## Data provided
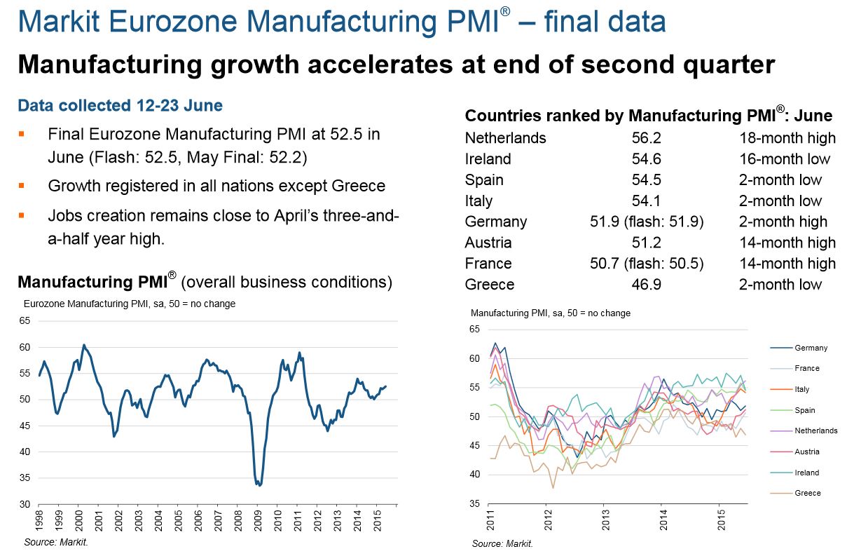 Σύμφωνα με τα τελικά στοιχεία που ανακοίνωσε η Markit για τον Ιούνιο, ο δείκτης υπεύθυνων προμηθειών (PMI) για τον τομέα μεταποίησης διαμορφώθηκε τον περασμένο μήνα σε υψηλό 14 μηνών στις 52,5 μονάδες, από το 52,2 του Μαΐου.
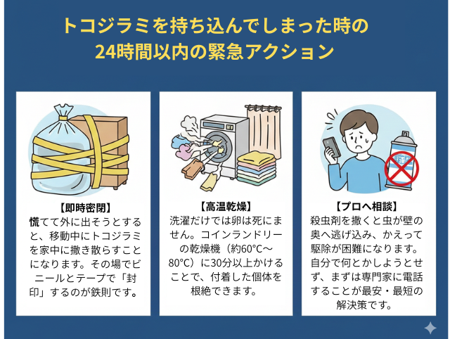 もし少しでも「持ち込んだ可能性」を感じたら、最初の24時間の行動が、駆除費用が3万円で済むか、30万円に膨れ上がるかの分かれ道になります。
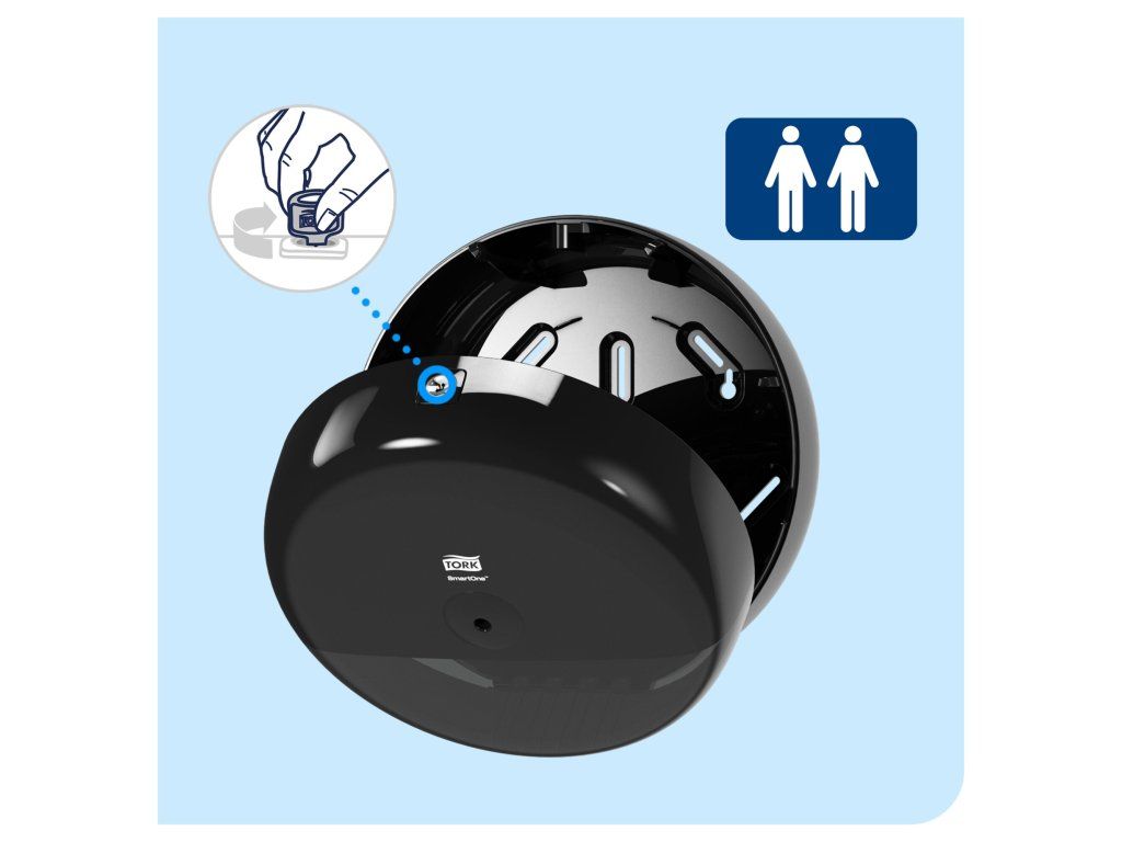 Dávkování po jednotlivých útržcích pomáhá v porovnání s tradičními zásobníky na jumbo role snížit spotřebu až o 40 %. Díky tomu vystačí každá role pro více návštěvníků. Zásobníky Tork Elevation se vyznačují funkčním, moderním designem, který na vaše hosty udělá trvalý dojem. Zásobník je kompatibilní s Tork SmartOne toaletním papírem T8.
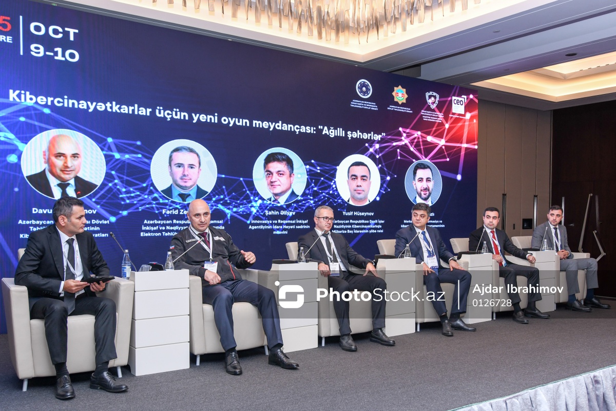 "Critical Infrastructure Defence Challenge" ("CIDC 2025") kibertəhlükəsizlik festivalı çərçivəsində "Kibercinayətkarlar üçün yeni oyun meydançası: "Ağıllı şəhərlər" başlıqlı paneldə iştirak edən (soldan-sağa) Xüsusi Rabitə və İnformasiya Təhlükəsizliyi Dövlət Xidmətinin baş idarə rəisinin müavini Tural Məmmədov, Dövlət Təhlükəsizliyi Xidmətinin Milli Kibertəhlükəsizlik Mərkəzinin rəisi Davud Rüstəmov, Rəqəmsal İnkişaf və Nəqliyyat Nazirliyi yanında Elektron Təhlükəsizlik Xidmətinin rəisi Fərid Zeynalov, İnnovasiya və Rəqəmsal İnkişaf Agentliyinin İdarə Heyəti sədrinin müavini Şahin Əliyev, Daxili İşlər Nazirliyinin Kibercinayətkarlıqla Mübarizə Baş İdarəsinin şöbə rəisi Yusif Hüseynov, Mərkəzi Bankın İnformasiya və kibertəhlükəsizlik departamentinin direktoru Elnur Eyvazlı.

## About this exercise
Pictures aside, repeat exactly every line from the top of the listing above through the line bearing "もし少しでも「持ち込んだ可能", inclusive.

## Reply to the task
 Σύμφωνα με τα τελικά στοιχεία που ανακοίνωσε η Markit για τον Ιούνιο, ο δείκτης υπεύθυνων προμηθειών (PMI) για τον τομέα μεταποίησης διαμορφώθηκε τον περασμένο μήνα σε υψηλό 14 μηνών στις 52,5 μονάδες, από το 52,2 του Μαΐου.
 もし少しでも「持ち込んだ可能性」を感じたら、最初の24時間の行動が、駆除費用が3万円で済むか、30万円に膨れ上がるかの分かれ道になります。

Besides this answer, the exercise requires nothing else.